RECORDS SUPPLIED =>
——

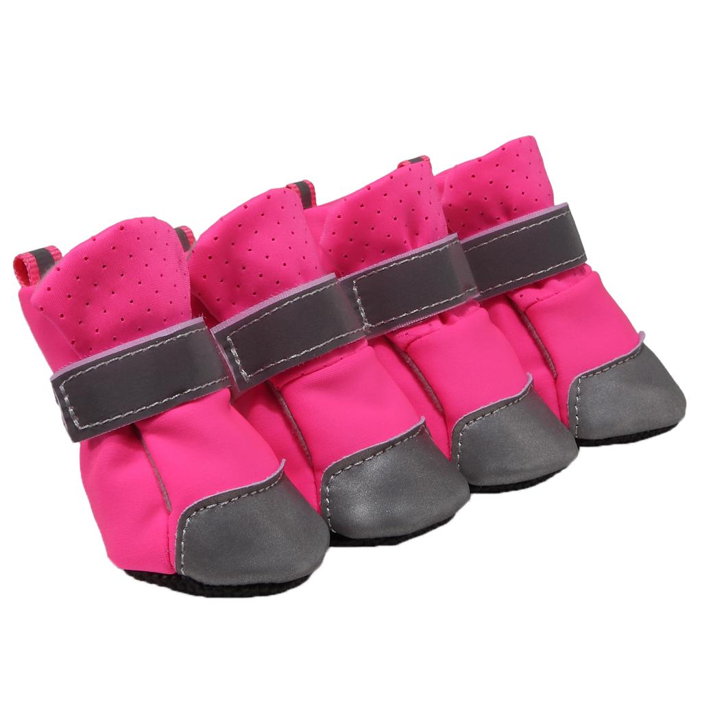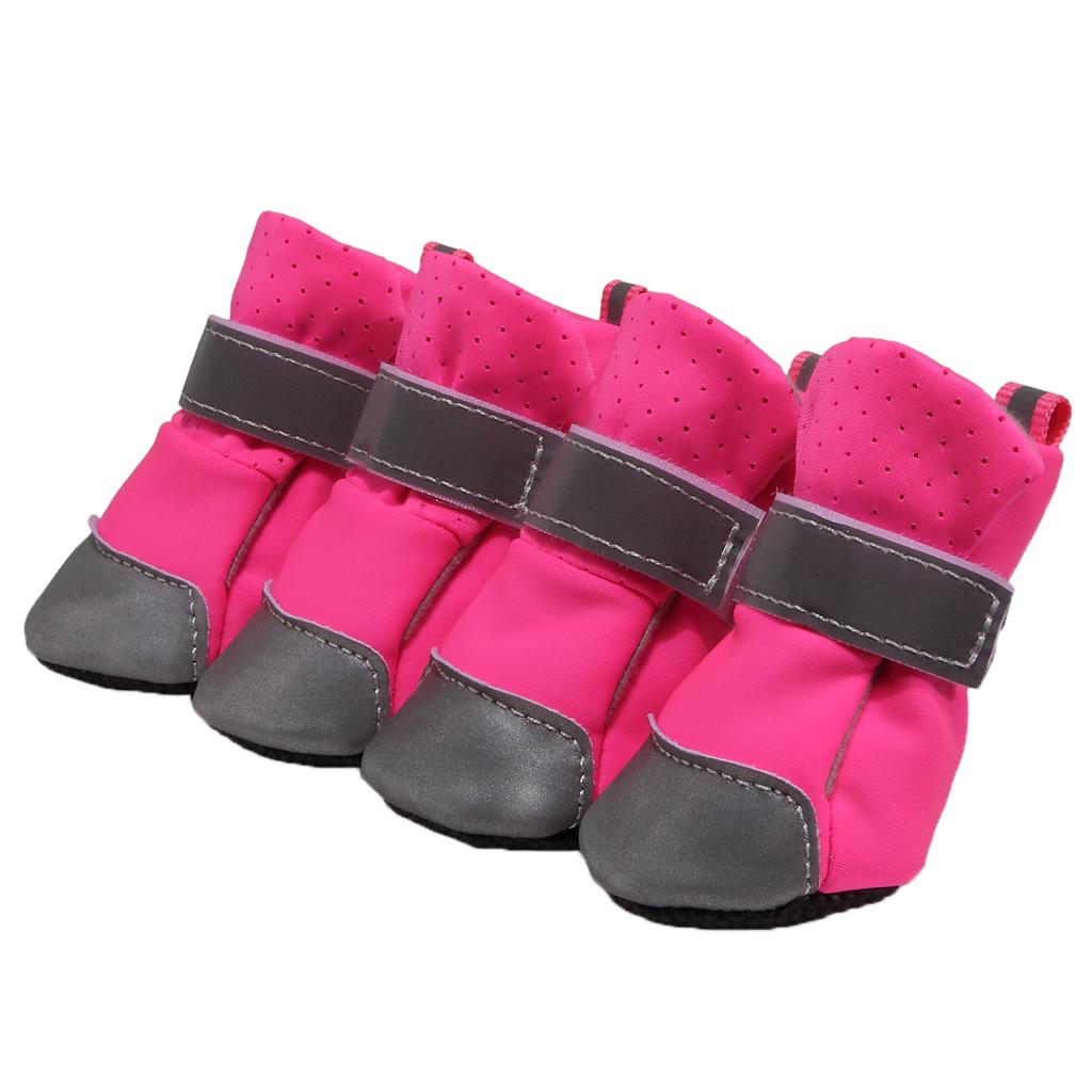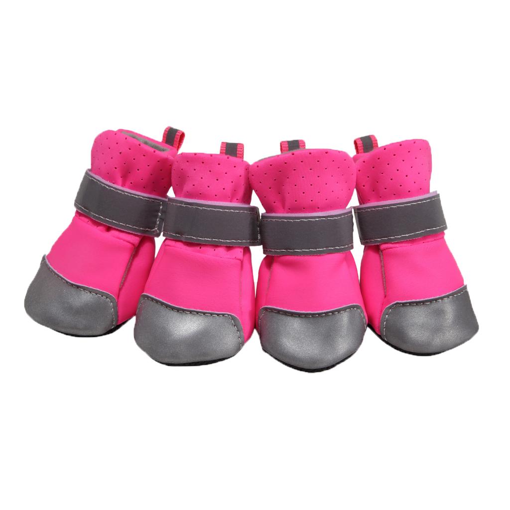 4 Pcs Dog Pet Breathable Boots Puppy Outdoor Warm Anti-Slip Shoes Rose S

——

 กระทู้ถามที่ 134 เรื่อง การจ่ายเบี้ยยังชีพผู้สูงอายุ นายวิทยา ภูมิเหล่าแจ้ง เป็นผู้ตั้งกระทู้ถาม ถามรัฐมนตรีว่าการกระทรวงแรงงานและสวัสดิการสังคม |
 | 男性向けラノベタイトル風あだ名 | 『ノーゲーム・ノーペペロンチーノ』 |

——

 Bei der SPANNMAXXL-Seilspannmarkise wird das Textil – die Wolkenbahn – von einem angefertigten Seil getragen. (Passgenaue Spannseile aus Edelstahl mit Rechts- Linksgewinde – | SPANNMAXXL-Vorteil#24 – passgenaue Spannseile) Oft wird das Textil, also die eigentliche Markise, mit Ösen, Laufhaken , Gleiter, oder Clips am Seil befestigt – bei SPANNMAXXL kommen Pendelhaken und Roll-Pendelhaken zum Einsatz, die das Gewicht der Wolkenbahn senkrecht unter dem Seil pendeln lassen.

——

REQUIREMENT => Using the material above, transcribe exactly the lines from the line with "กระทู้ถามที่ 134 เรื่อง" to the line with "男性向けラノベタイトル風あだ名 | 『ノーゲーム・ノーペペロンチーノ』 |"; both count, and nothing else goes in.

EXERCISE RESULT =>
 กระทู้ถามที่ 134 เรื่อง การจ่ายเบี้ยยังชีพผู้สูงอายุ นายวิทยา ภูมิเหล่าแจ้ง เป็นผู้ตั้งกระทู้ถาม ถามรัฐมนตรีว่าการกระทรวงแรงงานและสวัสดิการสังคม |
 | 男性向けラノベタイトル風あだ名 | 『ノーゲーム・ノーペペロンチーノ』 |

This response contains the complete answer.